Because the company failed to take into consideration the employees long service and that there was no evidence that the company had a zero tolerance policy on physical violence.
These cases show that all circumstances need to be taken into account before making a decision to dismiss. It is also a reminder than an employer should be consistent in its treatment of an incident.
Please seek advice from ECHR on all disciplinary related issues prior to carrying out your process.
Whistleblowing
Whistleblowing laws have meant that a disclosure is not protected unless an employee reasonably believes that it is being made “in the public interest”. The laws have existed since June 2013, and have summoned a particular interest surrounding what exactly qualifies as being “in the public interest”. The case of Chesterton Global v Nurmohamed is listed to be heard in The Court of Appeal in June 2017.
The case will help to define what is considered to be ‘in the public interest’, which could influence what should or shouldn’t be reported by employees.
Apprenticeship Levy
An apprenticeship levy is coming into force for any employers with an annual pay bill for the previous tax year in excess of £3 million on 6 April 2017. All employers in this category, whether or not they actually use apprentices, will have to contribute 0.5% if their annual pay bill, calculated on the basis of all payments to employees (including wages, bonuses and commission) that are subject to employer class 1 NICs. Levied employers with apprenticeships will receive an annual allowance of £15,000 to offset against their apprentice costs.

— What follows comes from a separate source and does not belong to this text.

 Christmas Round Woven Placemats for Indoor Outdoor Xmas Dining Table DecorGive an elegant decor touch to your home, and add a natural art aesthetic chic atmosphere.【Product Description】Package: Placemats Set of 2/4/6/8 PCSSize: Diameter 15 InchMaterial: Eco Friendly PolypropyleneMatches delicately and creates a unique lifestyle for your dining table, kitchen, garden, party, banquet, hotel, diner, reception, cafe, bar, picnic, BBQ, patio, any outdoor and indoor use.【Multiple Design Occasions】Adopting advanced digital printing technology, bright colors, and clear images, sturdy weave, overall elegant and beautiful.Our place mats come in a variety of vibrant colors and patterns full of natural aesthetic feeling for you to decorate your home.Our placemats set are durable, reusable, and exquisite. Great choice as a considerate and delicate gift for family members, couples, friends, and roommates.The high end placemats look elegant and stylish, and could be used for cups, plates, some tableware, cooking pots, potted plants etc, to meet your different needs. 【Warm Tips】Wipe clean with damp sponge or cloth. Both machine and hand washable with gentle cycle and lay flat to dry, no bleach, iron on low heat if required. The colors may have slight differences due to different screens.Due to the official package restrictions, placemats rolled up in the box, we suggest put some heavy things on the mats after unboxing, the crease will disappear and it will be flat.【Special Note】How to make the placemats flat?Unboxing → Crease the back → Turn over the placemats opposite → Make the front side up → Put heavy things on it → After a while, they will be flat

Further information on the levy will be in our next newsletter.
Salary Sacrifice schemes significantly restricted
Employers may need to reconsider their benefit offerings as tax savings through many salary-sacrifice schemes will be abolished from 6 April 2017.

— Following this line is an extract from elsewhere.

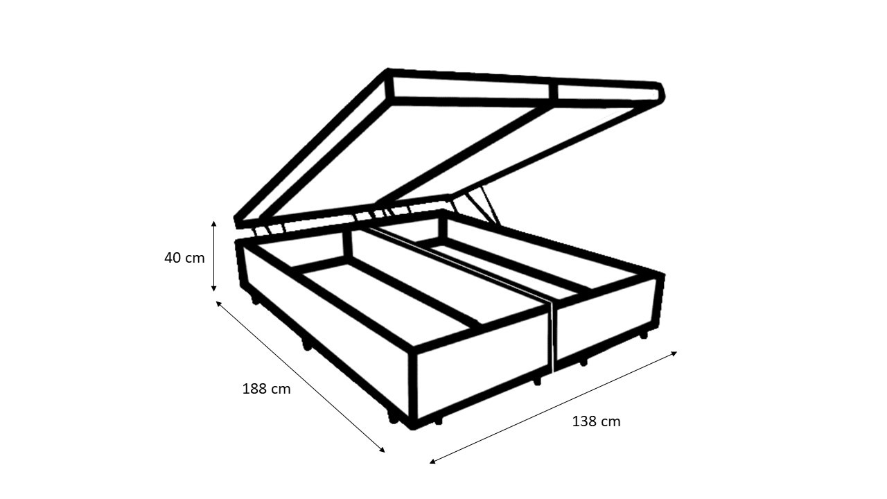 - A Cama Box Baú Casal é perfeita para todas as pessoas precisam de uma cama grande e espaçosa, mas sofrem com o problema de a cama não passar na porta: Esse problema foi resolvido com a nova cama Bi-partida casal. Funciona da seguinte maneira: E cama com dimensões de 138x188x40cm é composta de duas camas com dimensões 69x188x40cm e assim as duas partes são conectadas. Desse modo, torna-se muito mais fácil mover a cama e passar por áreas pequenas como portas, corredores e escadas. Assim que for colocada em seu lugar definitivo, por meio de uma junção elas são conectadas e formam assim uma só cama casal nas dimensões Casal (138x188x40cm). Uma outra grande vantagem dessa cama, permitindo que a roupa de cama, travesseiros, e diversos outros objetos possam ser guardados dentro da cama! Além de resistente e espaçosa, a Cama Box Baú, ainda é prática, sendo assim muito simples e fácil utilizar.

Schemes related to pension savings (including pensions advice), childcare, cycle-to-work and ultra-low emission cars will not be affected.
Schemes in place prior to April 2017 will be protected until April 2018, while arrangements related to cars, accommodation and school fees will be protected until April 2021.
Changes to Immigration
Employers sponsoring foreign workers with a tier 2 visa will be required to pay an immigration skills charge of £1,000 per worker (£364 for small employers and charities) beginning in April 2017. The immigration skills charge will be in addition to current fees for visa applications.

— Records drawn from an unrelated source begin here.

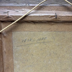 | Conditie | In goede conditie, papier iets bruin. Lijst hoeken beschadigd. |
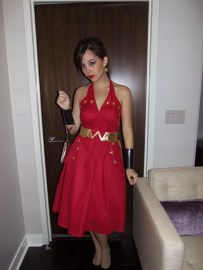 I think what I love the most about all these outfits is the endless variety. Shorts, skirts, bra top, fitted dresses, full-skirted dress, even ballgowns! Geek chic style is as varied and unique as being a geek itself. The Wonder Woman and Wonder Girl inspired dresses were particularly cute, inspired and very flattering outfits – the tiara turned headband is brilliant in its simplicity. But my personal favorite that I can’t stop blubbering about almost a week later, is the stunning Lord of the Rings dress.
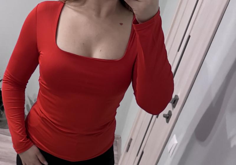 Лонгслів жіночий в ідеальному стані. Яскравий червоний колір. Розмір М-L. Дуже приємна мʼяка тканина.

In April 2017, the minimum salary threshold for “experienced workers” applying for a tier 2 visa will also increase to £30,000. New entrants to the job market, and some health and education staff will be exempted from the salary threshold until 2019.
Tribunal Changes
The government has published its response to the consultation on reforming the employment tribunal system. The changes proposed included:
– Digitising the whole claims process;
– Delegating a broad range of routine tasks from judges to caseworkers; and
– Tailoring composition of tribunal panels to the needs of the case.
Responsibility for employment tribunal and EAT rules of procedure will be transferred to the independent Tribunal Procedure Committee, which will be expanded to include an employment judge and a legal practitioner with specific experience of the employment tribunal system.
All tribunal caseworkers will be legally “trained or qualified” and all decisions made under delegated authority will be taken under judicial supervision for quality control.
Plus the new maximum compensation limit as of 6th April 2017 for unfair dismissal will be £80,541.
Mobility Clause a waste of time?
You have decided to close one of your offices in which a number of employees work. You have a mobility clause in your employment contracts.
Now it may not be so simple – If they refuse to move, you may have to acknowledge they’re redundant and pay redundancy accordingly. Otherwise, you may find yourself at the wrong end of an unfair dismissal claim.
This is what happened in the recent case of Kellogg Brown & Root (UK) Ltd v Fitton. They dismissed 2 employees because they refused to relocate and ending up losing their case at tribunal!